Patrick Conway, M.D., deputy administrator for innovation and quality and chief medical officer at the Centers for Medicare & Medicaid Services, said, "These results demonstrate that it's possible to improve national patient safety performance resulting in millions of people avoiding infections and adverse events. As a practicing physician, I know the importance of safety culture and care teams focused on keeping every patient as safe as possible."
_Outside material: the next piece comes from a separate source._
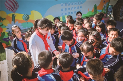 近日,绍兴市北海小学邀请杭州亚残运会冠军蒋裕燕来校与学生交流。学生们把冠军团团围住,为她的夺冠经历喝彩。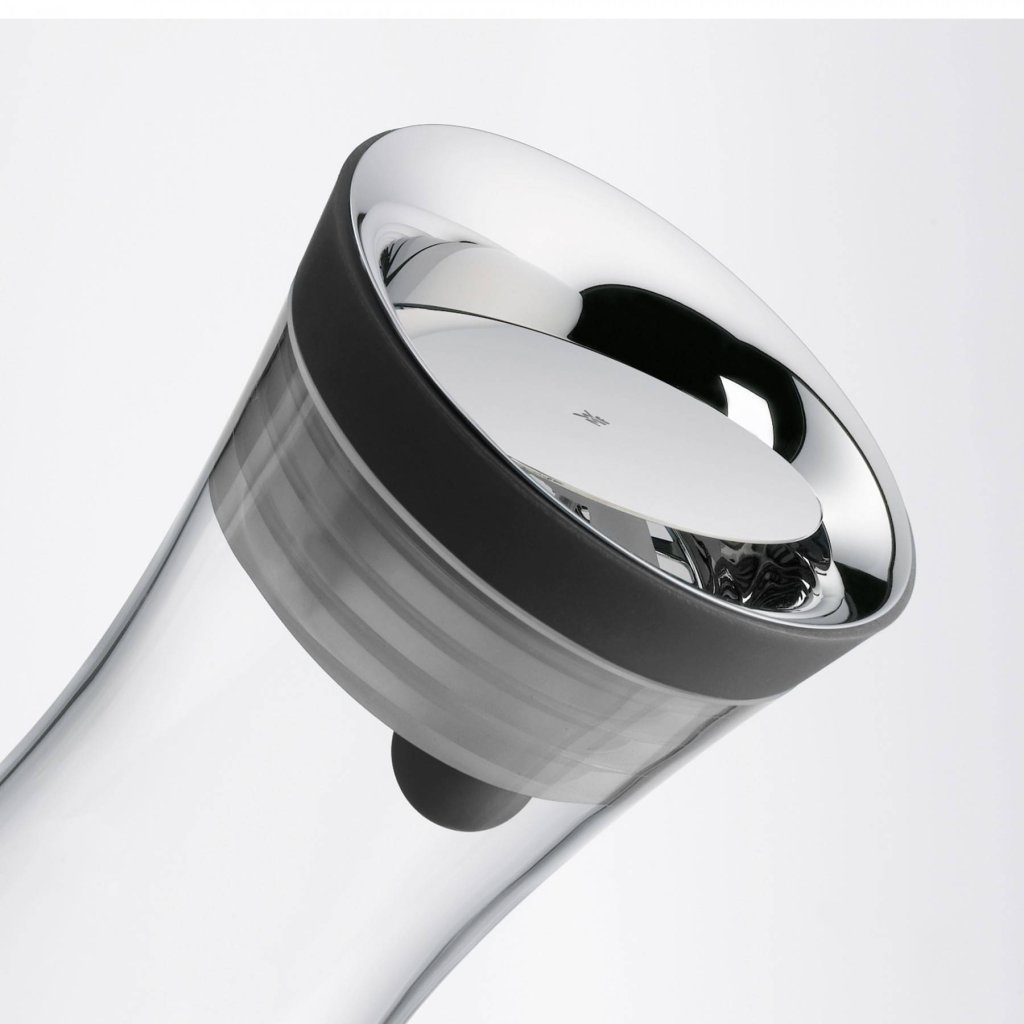 Ar tik gurkšnojate espreso kavą, ar ruošiatės ruošti įspūdingą šventę savo artimiesiems? Vanduo yra tinkamas jų abiejų papildymas. "WMF" sukūrė karabiną vandeniui visiems atvejams. Jis atitinka higieniško vandens tiekimo reikalavimus ir yra labai patrauklaus dizaino. Gerai apgalvotas dangtelis ne tik automatiškai uždaro kavinuką, bet ir dėl įmontuoto sietelio neleidžia į jį įpilti ledo kubelių ar vaisių gabalėlių. Karafą galima įstatyti į šaldytuvo dureles.

AHRQ developed the measurement strategy, the evidence base, and many of the tools that hospitals are using to achieve these results. "AHRQ's role in delivery system reform is providing the data to make the health care system a safer place for patients and we are working to put these resources to use on the front lines of care," said AHRQ Director Richard Kronick, Ph.D.
AHRQ has produced a variety of tools and resources to help hospitals and other providers prevent hospital-acquired conditions, such as reducing infections, pressure ulcers, and falls. Recently the agency released the Toolkit for Reducing CAUTI in Hospitals, which is based on the experiences of more than 1,200 hospitals nationwide that participated in an AHRQ-funded project to apply the Comprehensive Unit-based Safety Program to reducing catheter associated urinary tract infections (CAUTI). Preliminary data indicate that hospitals using these tools reduced CAUTIs by approximately 15 percent overall. AHRQ works with its HHS colleagues and researchers across the country to create new knowledge about how to improve care, particularly in understudied areas such as diagnostic error and antibiotic resistance.
HHS will continue working with partners to capitalize on these promising results—improving patient safety and reducing health care costs while providing the best, safest possible care to patients.